### YOUR TASK
Output, exactly as written, the lines below from the one that has "- Broskve nakrájíme" through the one that has "Price Sensitive Information"; nothing else, and no pictures.

### THE DATA
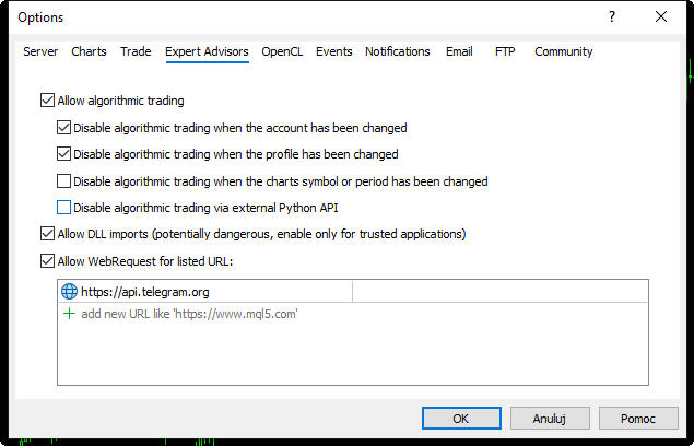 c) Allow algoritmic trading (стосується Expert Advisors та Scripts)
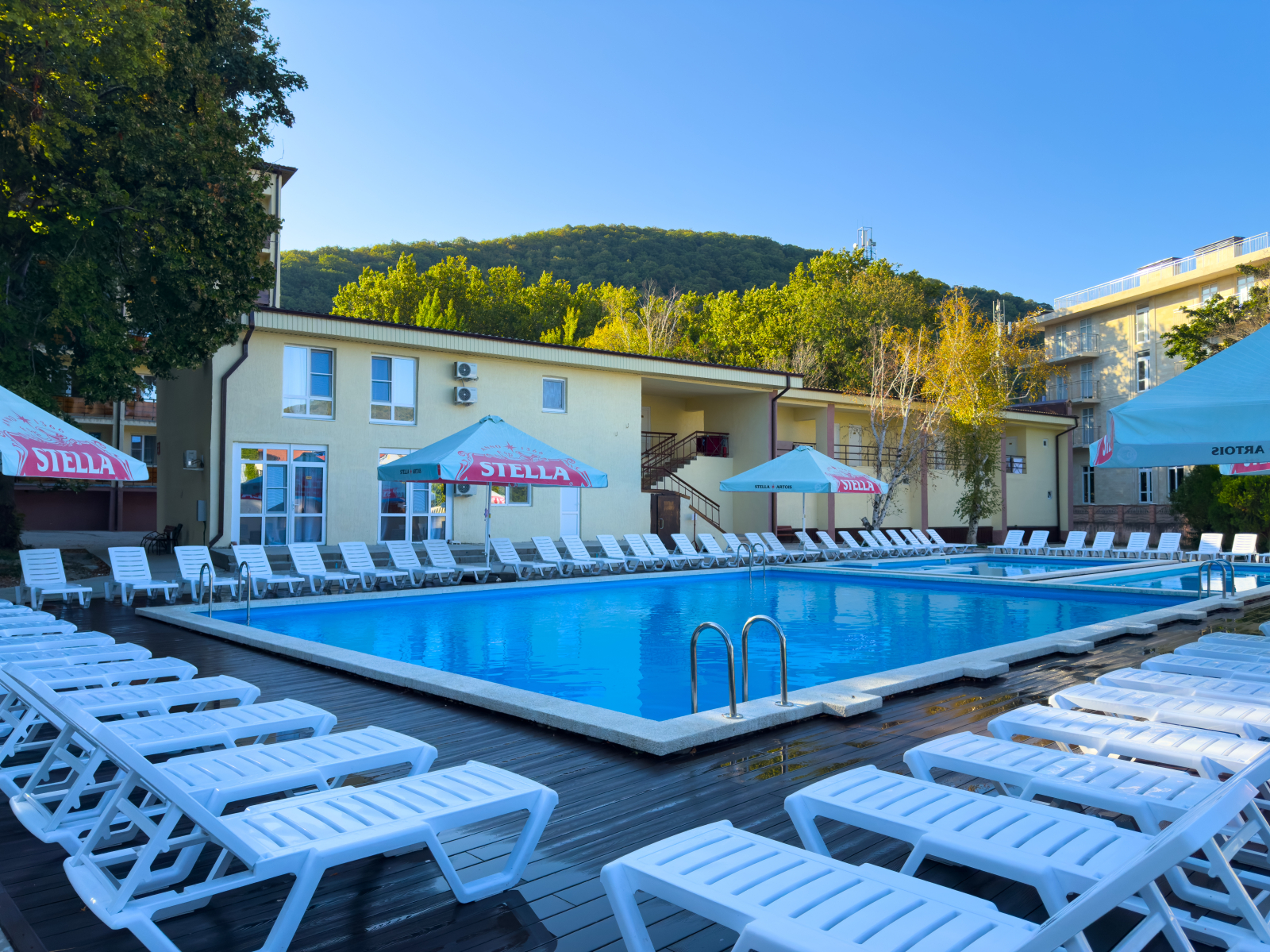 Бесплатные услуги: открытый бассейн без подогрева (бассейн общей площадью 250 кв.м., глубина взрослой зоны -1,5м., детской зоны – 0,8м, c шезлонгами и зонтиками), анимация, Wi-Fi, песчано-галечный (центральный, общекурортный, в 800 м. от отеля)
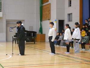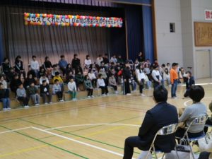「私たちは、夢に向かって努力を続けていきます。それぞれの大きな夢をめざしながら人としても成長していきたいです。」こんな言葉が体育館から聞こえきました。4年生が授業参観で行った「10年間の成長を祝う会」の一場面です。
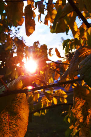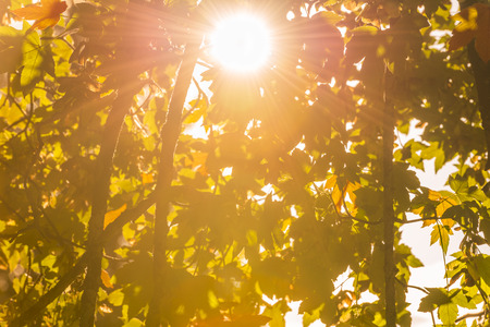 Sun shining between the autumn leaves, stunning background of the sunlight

--

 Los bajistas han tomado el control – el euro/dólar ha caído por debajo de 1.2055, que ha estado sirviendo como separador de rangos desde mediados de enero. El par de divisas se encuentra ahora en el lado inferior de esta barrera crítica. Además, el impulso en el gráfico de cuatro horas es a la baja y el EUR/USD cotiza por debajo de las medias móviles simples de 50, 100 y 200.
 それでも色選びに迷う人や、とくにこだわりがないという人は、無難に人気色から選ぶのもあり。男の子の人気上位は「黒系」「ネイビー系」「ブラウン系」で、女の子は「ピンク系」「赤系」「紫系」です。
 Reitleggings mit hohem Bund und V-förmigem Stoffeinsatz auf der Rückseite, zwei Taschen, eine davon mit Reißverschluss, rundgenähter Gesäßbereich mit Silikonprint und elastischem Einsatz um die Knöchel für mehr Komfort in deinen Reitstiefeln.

...

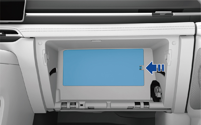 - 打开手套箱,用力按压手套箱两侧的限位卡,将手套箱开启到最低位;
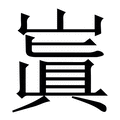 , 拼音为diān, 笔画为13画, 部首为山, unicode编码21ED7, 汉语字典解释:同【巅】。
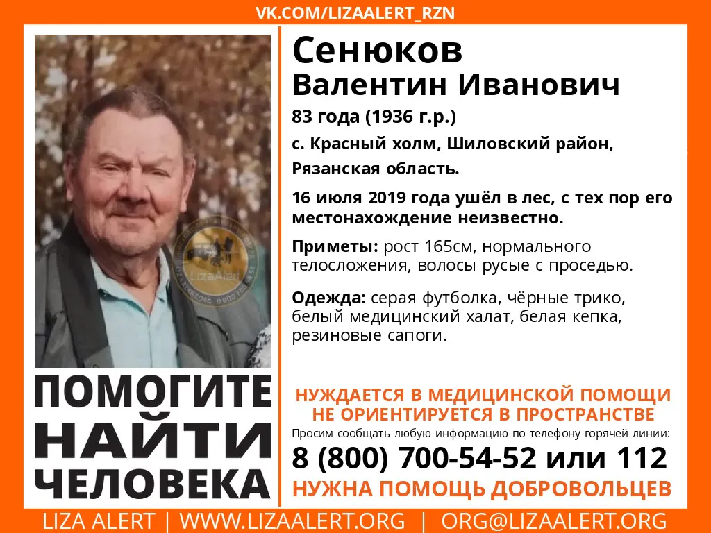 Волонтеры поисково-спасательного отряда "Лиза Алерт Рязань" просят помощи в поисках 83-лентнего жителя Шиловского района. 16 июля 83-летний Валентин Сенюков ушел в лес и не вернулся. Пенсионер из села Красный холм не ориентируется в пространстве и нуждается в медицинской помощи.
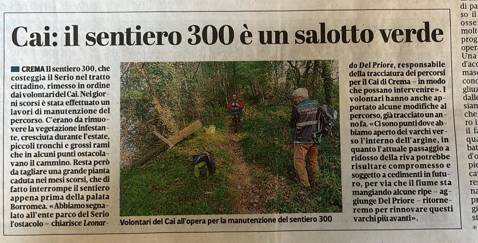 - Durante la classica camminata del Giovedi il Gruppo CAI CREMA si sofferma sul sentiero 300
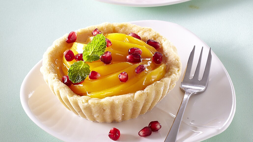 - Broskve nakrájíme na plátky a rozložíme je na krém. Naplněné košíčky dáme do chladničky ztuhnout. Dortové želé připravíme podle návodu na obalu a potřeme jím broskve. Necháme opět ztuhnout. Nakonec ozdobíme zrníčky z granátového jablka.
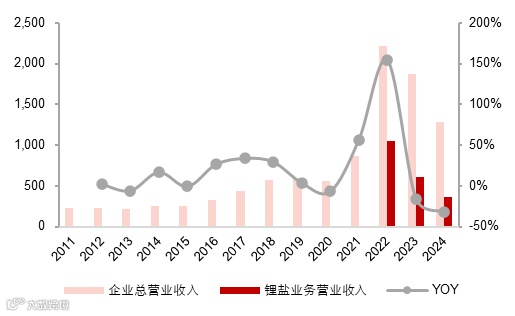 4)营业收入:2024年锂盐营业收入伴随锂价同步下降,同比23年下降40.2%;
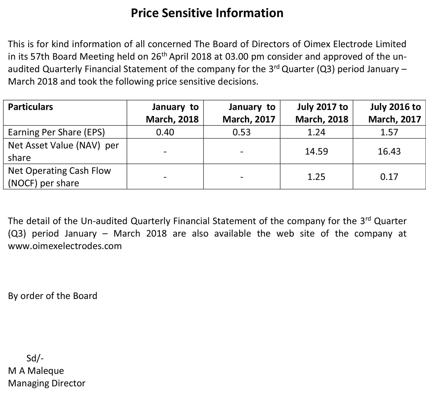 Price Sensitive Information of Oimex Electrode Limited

### TASK RESPONSE
 - Broskve nakrájíme na plátky a rozložíme je na krém. Naplněné košíčky dáme do chladničky ztuhnout. Dortové želé připravíme podle návodu na obalu a potřeme jím broskve. Necháme opět ztuhnout. Nakonec ozdobíme zrníčky z granátového jablka.
 4)营业收入:2024年锂盐营业收入伴随锂价同步下降,同比23年下降40.2%;
 Price Sensitive Information of Oimex Electrode Limited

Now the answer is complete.